Techniques, Tools, and Best Practices

Introduction

With the increasing complexity of network infrastructures and the sophistication of cyber attacks, it's essential for companies to be prepared to identify and remediate vulnerabilities in their systems. It is in this context that the practice of red teaming comes into play.

Red teaming challenges an organization's defenses by simulating realistic attacks and providing an in-depth assessment of the security posture. One of the strategies used by the red team is pivoting. This technique allows analysts to expand their access and explore different machines within the network.

In this article, we will showcase the types of pivoting, tools, and recommendations.

1. What is Pivoting?

Pivoting is a technique that enables an attacker to progress from an initially compromised point to others within the target network, seeking to extend their control and explore different areas of the infrastructure.

The goal is to overcome security barriers such as firewalls, network segmentation, and access restrictions, in order to explore internal networks with more freedom. By moving through the network using pivoting, a red teamer can identify new vulnerabilities, explore important assets, and even obtain sensitive information.

Imagine the following scenario: we are on machine A and only have access to machine B in a corporate network. However, machine B has an additional network interface connecting it to other machines on the network (C and D). Initially, we don't have direct access to these other machines, but using the pivoting technique, we can create a tunnel that passes through machine B, allowing us to access machines C and D.

In this case, pivoting becomes essential to expand our presence and explore the resources of other networks. By using appropriate tools and techniques, we can establish a secure and concealed connection through machine B, using it as an intermediary point to access machines on other networks.

This example illustrates how pivoting can be a valuable strategy for red teamers, enabling them to advance through a network and access additional systems that would otherwise be out of their reach.

In the next stage, we will explore different types of pivoting, along with the tools and techniques used to perform this operation.

2. Types of Pivoting

Next, we will delve into three of the most common types of pivoting: Port Forwarding, Proxy Tunneling, and Double Pivoting.

2.1 Port Forwarding

Port forwarding is a type of pivoting that involves redirecting traffic from a specific port of a compromised machine to another machine on the target network. This technique allows the red teamer to access services or resources available on a target machine, even if they are originally inaccessible externally.

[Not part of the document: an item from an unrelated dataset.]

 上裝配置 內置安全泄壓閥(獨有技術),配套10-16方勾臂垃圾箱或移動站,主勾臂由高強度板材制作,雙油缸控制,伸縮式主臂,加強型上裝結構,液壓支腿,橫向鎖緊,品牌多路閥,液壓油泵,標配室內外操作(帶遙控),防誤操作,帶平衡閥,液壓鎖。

For instance, suppose the red teamer has compromised machine B on the target network and wants to access a web application on machine C, which is protected by a firewall. By using port forwarding, the red teamer can set up redirection from a port on machine B to the corresponding port on machine C. This way, it becomes possible to access the web application, bypassing the firewall protections.

2.2 Proxy Tunneling

Proxy tunneling is a pivoting method that allows the red teamer to establish a secure connection through a proxy or intermediary server to access systems or resources on the target network. This technique is particularly useful when there's a firewall or network segmentation that blocks direct access to internal systems.

For example, the red teamer can set up a proxy on the compromised system B and redirect traffic through it. From this proxy, the red teamer can establish a connection to machines on the target network, such as machine C or D, and explore their infrastructure.

2.3 Double Pivoting

Double pivoting involves using two intermediary machines to reach additional systems on the target network. In this technique, the red teamer establishes a chaining of pivoting, where each compromised machine is used as an intermediate point to access the next machine in the network.

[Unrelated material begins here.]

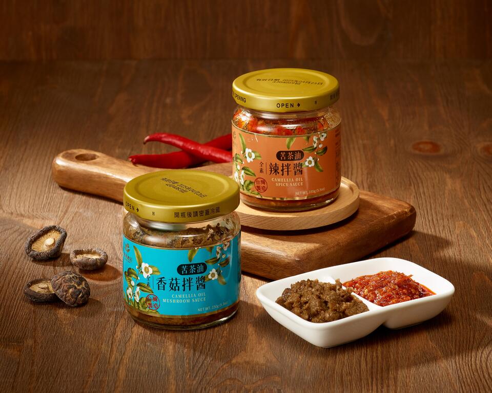 以苦茶油為基底,搭配產休區農友種植辣椒及臺中新社香菇,開發出苦茶油辣醬和苦茶油香菇醬。真材實料,方便又快速享受美味,不論是小家庭或辦公室都是必備的萬用調味料。辣醬麻而不辣的口感,讓人吃了會上癮,而香菇醬濃郁口感則適合搭配拌飯、拌麵或佐青菜食用,口感一級棒。這款禮盒不僅能滿足自己的味蕾,也是送禮自用兼備的好選擇。

For example, the red teamer can compromise machine B in the target network and, from there, establish a tunnel to machine X in network C. Double pivoting enables a stepped progression through the environment, expanding control and exploring different areas of the target network.

3. Tools and Pivoting Techniques

There are various tools and techniques available to assist in conducting pivoting during cybersecurity red teaming activities. For example:

  • Chisel

  • Udp2Raw

  • Fraud Bridge

  • SSF

  • Egress-Assess

  • Ligolo-ng

  • Sshuttle

  • Rpivot

  • Tunna

  • reGeorg/neo-Georg

  • PivotSuite

  • And many others

We will explore the first two here: Chisel and UDP2Raw. For information about the other tools, please visit my page: https://johnermac.gitbook.io

3.1 Chisel

Chisel is a tool for TCP/UDP tunneling, transported over HTTP, and secured through SSH. By utilizing Chisel, a red teamer can deploy a Chisel server on a compromised intermediary machine within the target network. They can then establish a secure connection to this server from an external machine, allowing the creation of an encrypted tunnel between the two machines. This tunnel enables secure and discreet access to additional systems on the target network.

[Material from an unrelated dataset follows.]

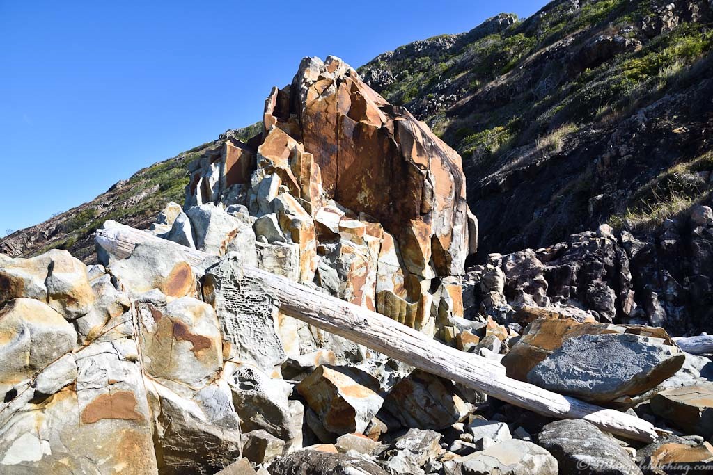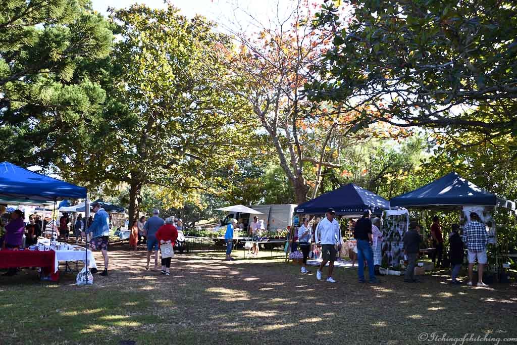 El Prado drives us down to the Emu Park monthly market under the trees in Bell Park. The location is superb with a curving expanse of beach on one side and the stalls shaded by hoop pines and beach almond trees. Woody leaves us to walk back as far as Kinka Beach. He’s really cranked the walking up a notch.

Chisel is a comprehensive tool that offers options like Local Port Forwarding, Remote Port Forwarding, and the use of SOCKS proxy for dynamic interface access, forwarding all traffic from the target machine to our machine.

3.1.1 Considerations

Pros:

  • Easy to use

  • No need for an SSH server on the target

  • Encrypted communication

  • Dynamic destination port opening

  • No need to know the target machine's password

Cons:

  • Requires opening a port on the target machine

  • Requires sending the chisel client file to the target machine

3.1.2 Usage Mode

Local Port Forwarding
Target: chisel server -p 9999 --host <IP-Target> -v
Kali:   chisel client -v <IP-Target:9999> 127.0.0.1:8080:<IP-Kali>:80

In this way, we can access the target's port 80:
Kali:   Curl 127.0.0.1:8080
Reverse Remote Port Forwarding

Kali:   chisel server -p 9999 --host <IP-Kali> --reverse -v
Target: chisel client -v <IP-Kali:9999> R:127.0.0.1:8080:<IP-Target>:80

In this way, we can access the target's port 80:
Kali:   curl 127.0.0.1:8080

We can use the SOCKS proxy in both methods; upon applying it, we achieve the redirection of all traffic, not just from a single port.

Reverse Remote Port Fowarding utilizando Proxy SOCKS

Kali:   chisel server -p 9999 --host <IP-Kali> --reverse -v
Target: chisel client -v <IP-Kali:9999> R:127.0.0.1:8080:127.0.0.1:5555
Target: chisel server -p 8181 -–host 127.0.0.1 –socks5 -v
Target: chisel client -v 127.0.0.1:8181 127.0.0.1:5555:socks

Configure SOCKS5 in the /etc/proxychains.conf file on Kali to be able to use proxychains.

Add the following line to the configuration file:

socks5 127.0.0.1 1080

Now you can access the target through the created tunnel:

On Kali, run the following command:

proxychains -q nmap <IP-Target> -p 21,22,80 -sT -Pn

This command will use proxychains to perform an nmap scan on the specified target IP, scanning ports 21, 22, and 80 using a TCP connect scan and disabling host discovery.

3.1.3 Demonstration

Here is a video demonstrating how Chisel works:

3.2 Udp2Raw

With UDP2Raw, we can encapsulate UDP traffic into TCP packets and send them through an established connection to a compromised intermediary machine within the target network. This technique allows us to bypass firewall restrictions and forward UDP traffic to access additional systems on the target network.

When used standalone, udp2raw only tunnels UDP traffic. However, if you use udp2raw in conjunction with any UDP-based VPN, it's possible to tunnel any type of traffic (including TCP/UDP/ICMP). Currently, OpenVPN, L2TP, ShadowVPN, and tinyfecVPN are confirmed as supported.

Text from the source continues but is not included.